抱きしめていた腕を解いたすぐ後に葵は目を覚ましてしまい、眠気のせいかとろんと蕩けた瞳と舌足らずな声で呼び止められてしまった。
(うっ、やばい……)
いつだって葵は可愛くて愛おしい存在だ。だが、今の葵はいつも以上に可愛くて愛おしくて、そして妖艶だった。
隠されることのない陶器のような滑らかで白い肌がどれほどすべすべで肌になじむか、もう知っている。そして自分が愛し気に触れるたびその白肌が桜色に高揚してゆく艶やかさも、知ってしまった。
思い出さないようにしていた昨日の情事が一瞬で頭を占拠し、虎は劣情を覚えてしまう。
男に―――自分に抱かれたはずなのに、まるで誰にも踏み荒らされたことのない新雪のような無垢な葵の体躯を前に気を抜けば欲が暴走しそうだ。
身体を繋げた際の快楽が記憶から呼び覚まされ、興奮する。
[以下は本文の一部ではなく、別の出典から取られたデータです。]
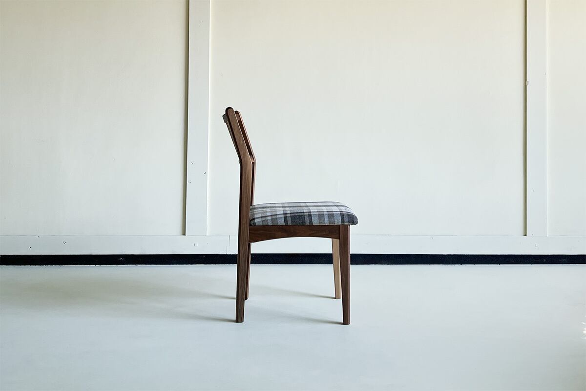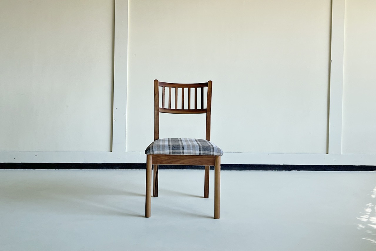 ウォールナット材のフレームに優しい色合いのチェック柄で柔らかいテクスチャーに仕上げております。1脚だけでもおしゃれ度UP!
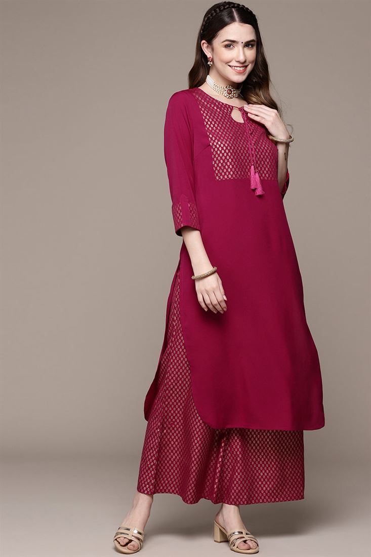 Crepe Fabric Magenta Color Casual Wear Posh Kurti With Palazzo Set

虎は慌てて愛しい人から顔を背け、己の欲を必死に抑えつけた。
「ま、まだ早いから寝てていいよ。ちゃんと起こしてあげるから」
平静を装ったが声が僅かに上擦ってしまった。
今までどれほど葵を欲しようともこれほど理性が揺らぐことなど一度もなかった。
しかし、今の自分はどうだろう? 『愛し合っているのだから少し羽目を外してもいいだろう?』そんな悪魔の囁きに今にも屈しそうだ。
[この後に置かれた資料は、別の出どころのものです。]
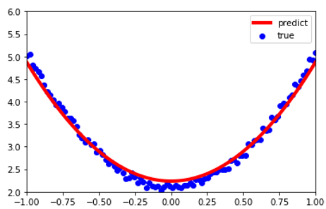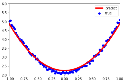 y_p=x.pow(2).mm(w).detach().numpy() + b.detach().numpy()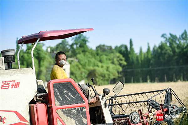 By driving combined harvesters, wheat workers in Chengdu, Sichuan province can secure an annual income of over 100,000 RMB ($15,000). Workers must obtain a driver's license before they can be hired for labor on farms. In the busy season, they usually work from morning to night, resting only to eat. Though the work is hard and hot, many farmers regard operating combined harvesters as a new and lucrative profession.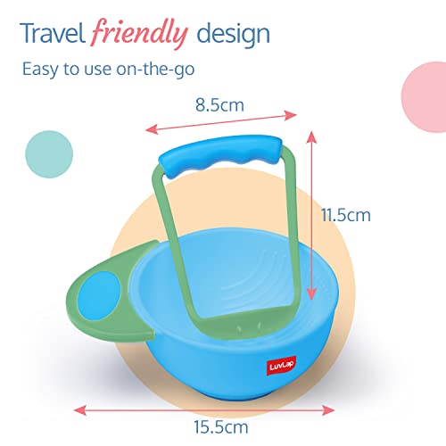 LuvLap Baby Food Grinding Cum Feeding Bowl, Portable Baby Food Masher & Serving Bowl for Baby weaning Food Preparation (Green & Blue)

(分かってた。こうなることは、ちゃんと想定していた。でも――――)
虎は理性を総動員して『良き兄』の顔で葵を振り返る。いつもの自分なら『おやすみ』と笑いかけるはずだから。
だがしかし、寝惚け眼で自分を見上げる宝石のような大きな青い瞳に『兄』の仮面は脆くも崩れ、気が付けば愛しい人に覆いかぶさりその唇にキスを落としていた。
ちゅっと音を立てて離れる唇。甘く柔らかいそれはあまりにも甘美だ。
「ふふ。とりゃくんとのきしゅ、らいすきぃ」
耳に届く笑い声と舌足らずな言葉。その可愛い音に、もっと葵が欲しいとがっつく欲が止まらない。
何度も何度も角度を変えて口づけを落とし、触れるだけのキスでは足りないとばかりに葵の唇に舌を這わせて深いそれに誘った。
恋人の誘いに乗るように葵の唇は開かれ、虎は求めるまま深く深く口づけた。
控えめな舌を絡めとって口内を優しく舐めれば葵はその腕を首に伸ばして甘えてくれる。それが堪らなく愛おしくて、ついついがっついてしまう。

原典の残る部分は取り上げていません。